November 15, 2012
Alex Tabarrok holds the Bartley J. Madden Chair in Economics at George Mason University, and, with Tyler Cowen, writes the influential and entertaining economics blog Marginal Revolution. He’s recently written a piece for the Cato Institute on “Why Online Education Works.” Note the title, watch the sleight of hand.
Here’s the central nugget: “In 2009, I gave a TED talk on the economics of growth. Since then my 15 minute talk has been watched nearly 700,000 times. That is far fewer views than the most-watched TED talk, Ken Robinson’s 2006 talk on how schools kill creativity, which has been watched some 26 million times. Nonetheless, the 15 minutes of teaching I did at TED dominates my entire teaching career: 700,000 views at 15 minutes each is equivalent to 175,000 student-hours of teaching, more than I have taught in my entire offline career. Moreover, the ratio is likely to grow because my online views are increasing at a faster rate than my offline students.” And note the accompanying graphic.

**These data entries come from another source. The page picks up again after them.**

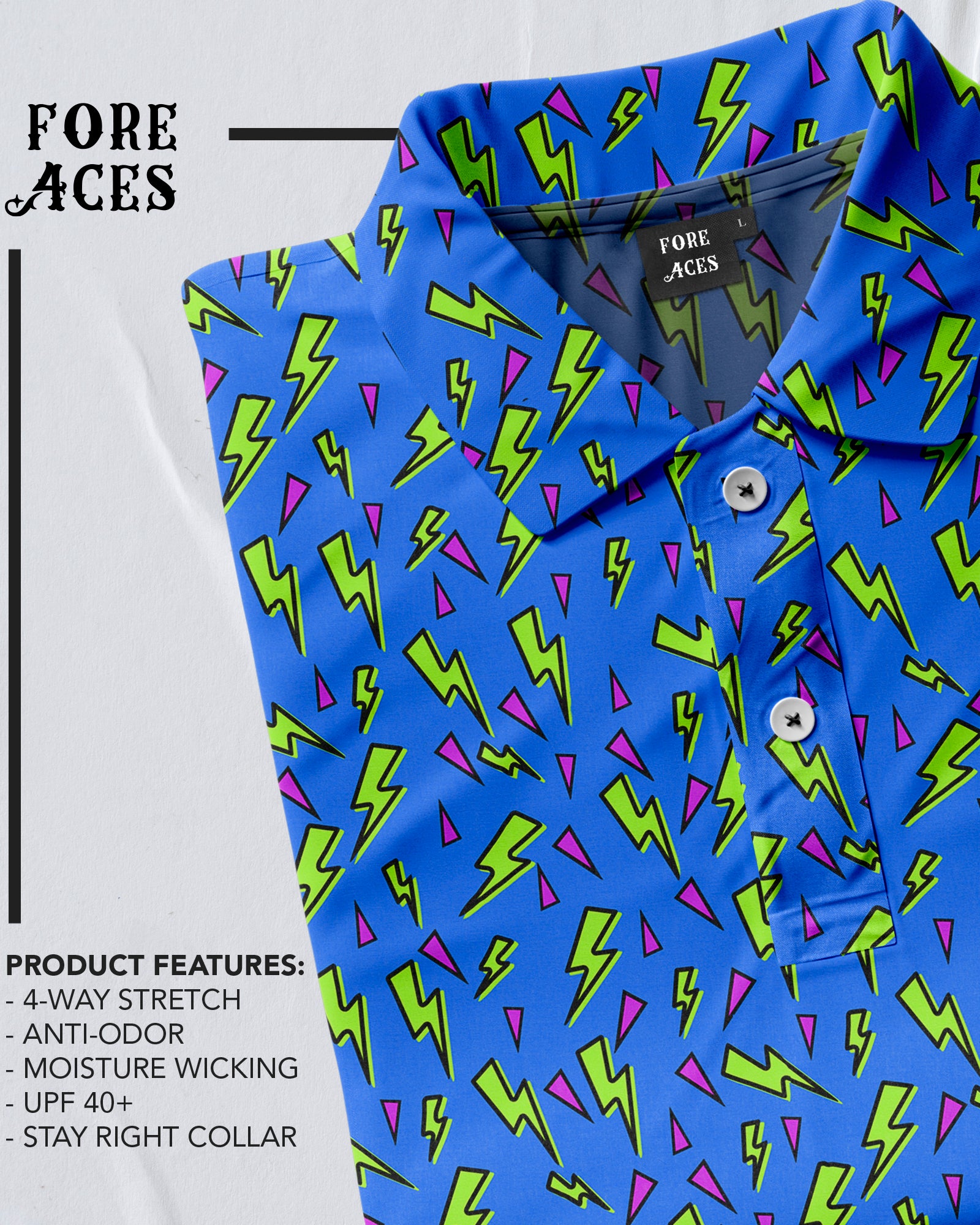 Turn heads on the golf course with the 'Flash Polo' and its striking lightning bolt design. This shirt is perfect for golfers who want to bring a jolt of humor and style to their game, leaving others in awe of their electrifying fashion sense.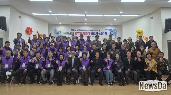 뉴스다 최광묵 기자 | 2026년 3월 19일, 여주시 세종대왕면 주민자치위원회와 인천시 남동구 논현1동 주민자치회가 자매결연 협약식을 체결했다. 협약식은 김희수 세종대왕면장과 이인희 논현1동장, 두 지역의 주민자치위원과 주민자치회원 등 총 50여 명이 함께한 가운데 열렸다.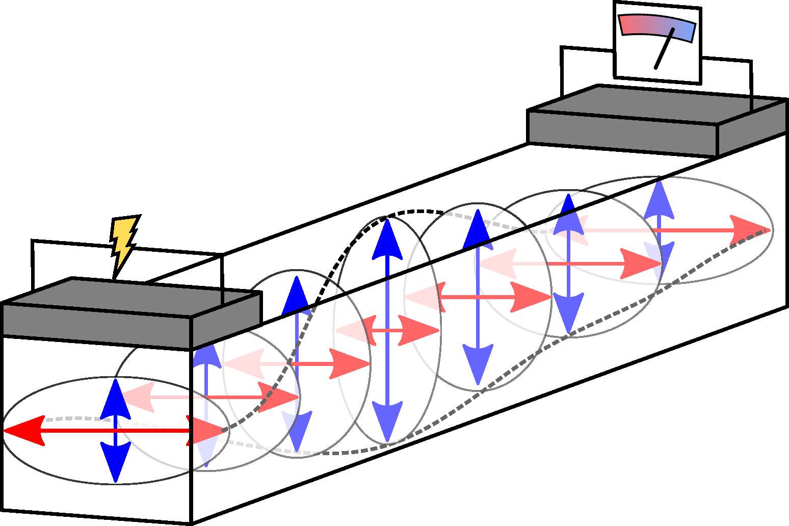 An electrical current excites the superposition of two magnons with linear polarization (indicated by the red and blue arrows). Subsequently, energy is transported through the antiferromagnetic insulator. This can be detected as electrical voltage.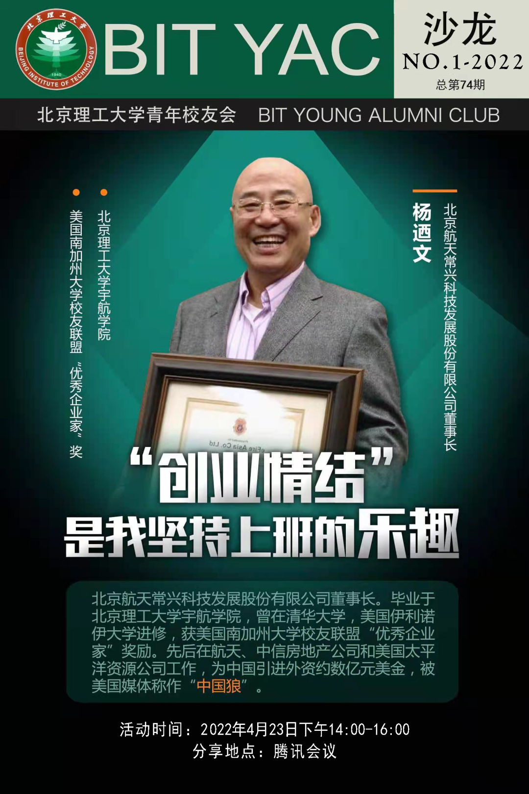 2022年4月23日下午,受疫情影響闊別已久的青年匯校友沙龍再度開啟。本期邀請63級導彈總體專業楊迺文校友帶來“‘創業情結’是我堅持上班的樂趣”主題分享,40多位北理工校友在騰訊會議上“云相聚”。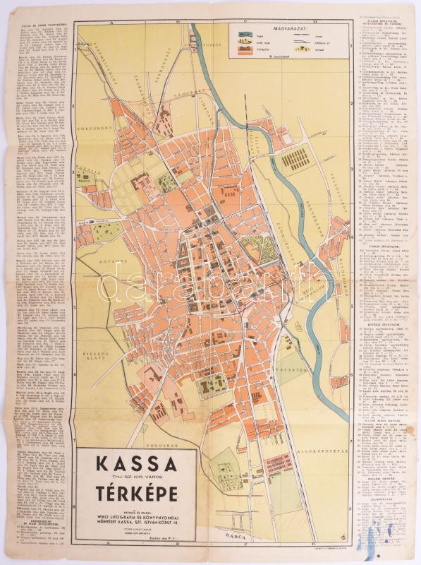 cca 1940 Kassa törvényhatósági jogú szabad királyi város térképe, lépték nélkül, Wiko Litografia és Könyvnyomdai Műintézet, hajtott, kisebb szakadásokkal, 62×45,5 cm

But does this teaching “work?” That’s the claim of the title. To say this online teaching works would be to say there was meaningful learning, not just numerous page views. And about that, Alex Tabarrok has nothing to say.
I don’t know whether Tabarrok is right or wrong about his claim that “online education works.” But I do know that support for the cl;aim is going to have to come from evidence about whether students are learning, not about how many people are watching Tabarrok or anyone else online. Teaching is facilitating the learning of others. It is not what you do by yourself.